We use the awesome Logster to display our error logs on all Discourse sites in the /logs
path.
In many cases we noticed “log floods” that do not get notified. Log floods are strong indicators that stuff is seriously shape.
-
Perhaps anonymous has zero access to your site
-
The job queue might be completely broken
-
You may have a plugin that makes certain pages on the site not work
-
And more
As it stands as an administrator these failure modes could be in-progress and you could remain completely oblivious of them happening.
To help take care of this issue we would like to add some extensions to Logster and Discourse to notify us of a ticking
Logster extensions
- Add internal tracking for “warnings/errors/fatal in last N seconds”, allow for multiple tracking modes, default is none.
Last N seconds needs to be bucketed somehow, this is how I would implement this which is more or less correct.
Logster.store.track_event_rate([:warning], 1.minute)
Logster.store.track_event_rate([:warning,:error], 1.hour)
num_events = Logster.store.lookup_event_rate([:warning], 1.minute)
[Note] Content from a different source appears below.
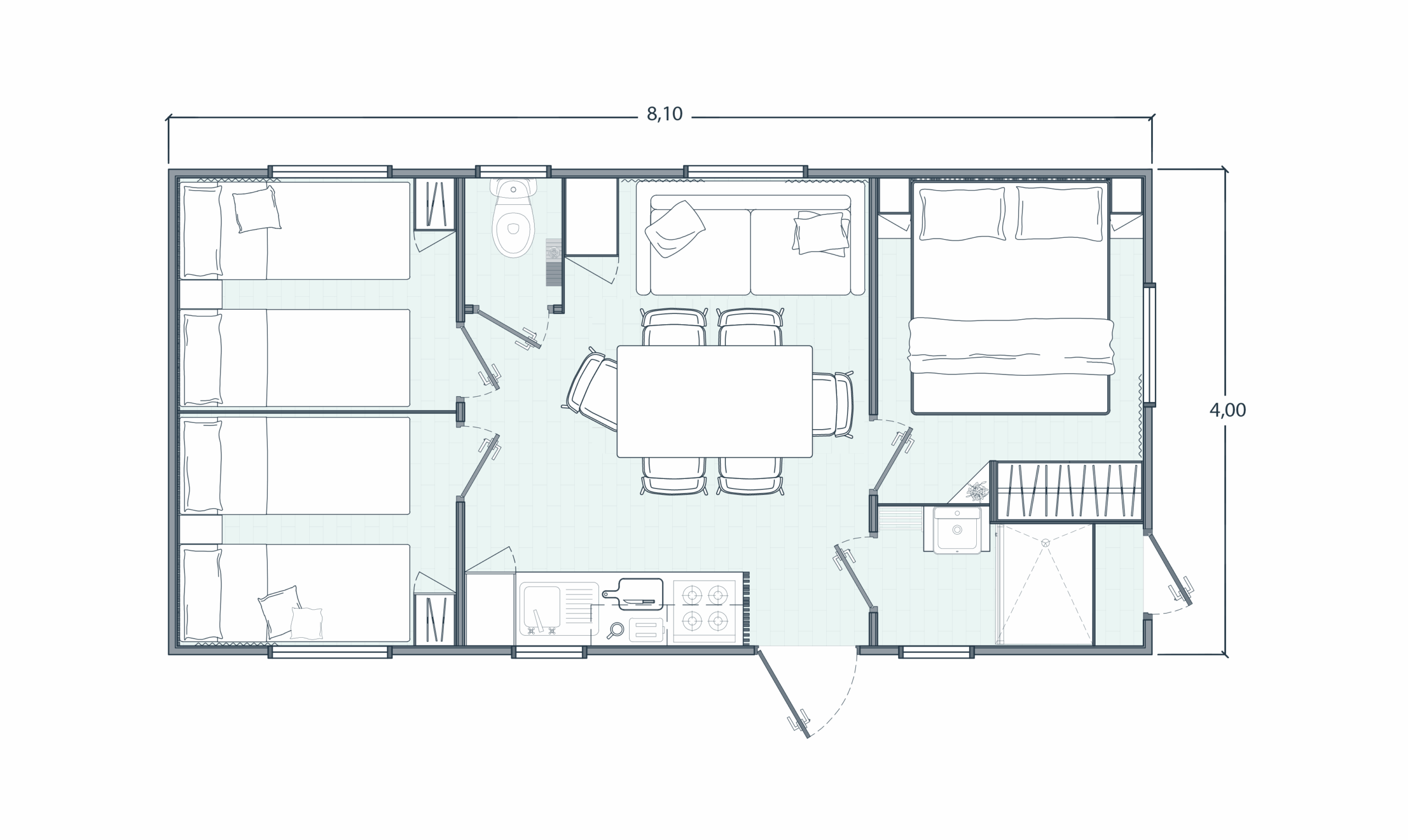 Mobil home nueva en exposición, Nidify Serie E Vanoise 810. Acabado exterior Canexel Classic Nest y carpintería exterior de PVC blanca. Acabado interior serie nature.

# Possibly, concurrency is really hard here (possibly a v2 thing):
# The tricky thing is that you don't want to be going crazy and flooding the message bus
# each time people add 1 to an already exceeded count
# You would only fire this event once every 1.minute max (or something like that)
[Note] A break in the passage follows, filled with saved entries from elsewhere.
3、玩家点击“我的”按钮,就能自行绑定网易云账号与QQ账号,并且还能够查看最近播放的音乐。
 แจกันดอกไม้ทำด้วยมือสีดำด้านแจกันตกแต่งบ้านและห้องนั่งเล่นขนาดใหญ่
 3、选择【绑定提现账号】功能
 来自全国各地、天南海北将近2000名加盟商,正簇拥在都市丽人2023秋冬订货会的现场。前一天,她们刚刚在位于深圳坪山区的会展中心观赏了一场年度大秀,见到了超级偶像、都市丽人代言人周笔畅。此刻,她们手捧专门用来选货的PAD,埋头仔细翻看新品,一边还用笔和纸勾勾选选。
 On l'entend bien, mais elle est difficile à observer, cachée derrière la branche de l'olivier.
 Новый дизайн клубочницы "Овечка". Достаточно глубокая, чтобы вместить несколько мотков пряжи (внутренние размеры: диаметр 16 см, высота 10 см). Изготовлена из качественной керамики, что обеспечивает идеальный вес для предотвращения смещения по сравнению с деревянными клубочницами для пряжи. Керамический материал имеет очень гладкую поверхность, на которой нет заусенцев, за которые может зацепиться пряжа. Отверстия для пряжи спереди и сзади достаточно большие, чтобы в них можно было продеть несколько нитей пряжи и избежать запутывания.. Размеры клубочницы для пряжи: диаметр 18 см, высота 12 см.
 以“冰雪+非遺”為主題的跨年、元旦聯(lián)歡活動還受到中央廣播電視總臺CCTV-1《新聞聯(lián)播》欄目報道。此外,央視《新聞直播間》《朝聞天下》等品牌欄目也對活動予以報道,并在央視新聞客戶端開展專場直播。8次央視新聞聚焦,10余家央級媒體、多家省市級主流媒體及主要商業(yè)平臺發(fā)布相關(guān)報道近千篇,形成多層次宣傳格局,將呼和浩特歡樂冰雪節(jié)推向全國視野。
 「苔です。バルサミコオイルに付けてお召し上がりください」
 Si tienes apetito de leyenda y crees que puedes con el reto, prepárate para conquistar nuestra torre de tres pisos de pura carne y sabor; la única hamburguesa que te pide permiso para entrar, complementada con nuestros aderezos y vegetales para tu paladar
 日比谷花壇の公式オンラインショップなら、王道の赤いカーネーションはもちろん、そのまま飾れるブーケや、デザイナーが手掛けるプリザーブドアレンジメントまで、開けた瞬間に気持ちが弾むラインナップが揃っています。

Logster.store.on_event_rate_exceeded([:warning], 1.minute) do |rate|
MessageBus.publish("/error_rate", "OH NO #{rate}")
end
Bucketing counts in Redis
Say we are trying to track number warnings in last minute simplified example:
- Get my current “seconds since epoch” > value is say 601.
- Divide this number by “number of tracking buckets” which will be “6”: we get 100
- INCR “TRACKING_100”
- If INCR returns 1, be sure to expire the key in 70 seconds
- At any point we can get our “errors per second” by grabbing the values of “TRACKING_100” + “TRACKING_99” etc.
- We can use LUA here to make it all an atomic operation, that way you call a routine to increment and it gives you the current rate. (totally happy for this feature to depend on redis having lua going)
Discourse extensions
On Discourse side we need a simple site settings for:
alert_admins_if_errors_per_minute
alert_admins_if_errors_per_hour
Then treat warnings/errors/fatal all as errors (so track an aggregate)
If the rate is exceeded use this kind of screen to notify admins in the same spot we use for this:
Ideally the earlier we notify the better, but really depends on the logster implementation.
At any point an admin can click X and make it go away for a minute, to come back again if it exceeds the rate again.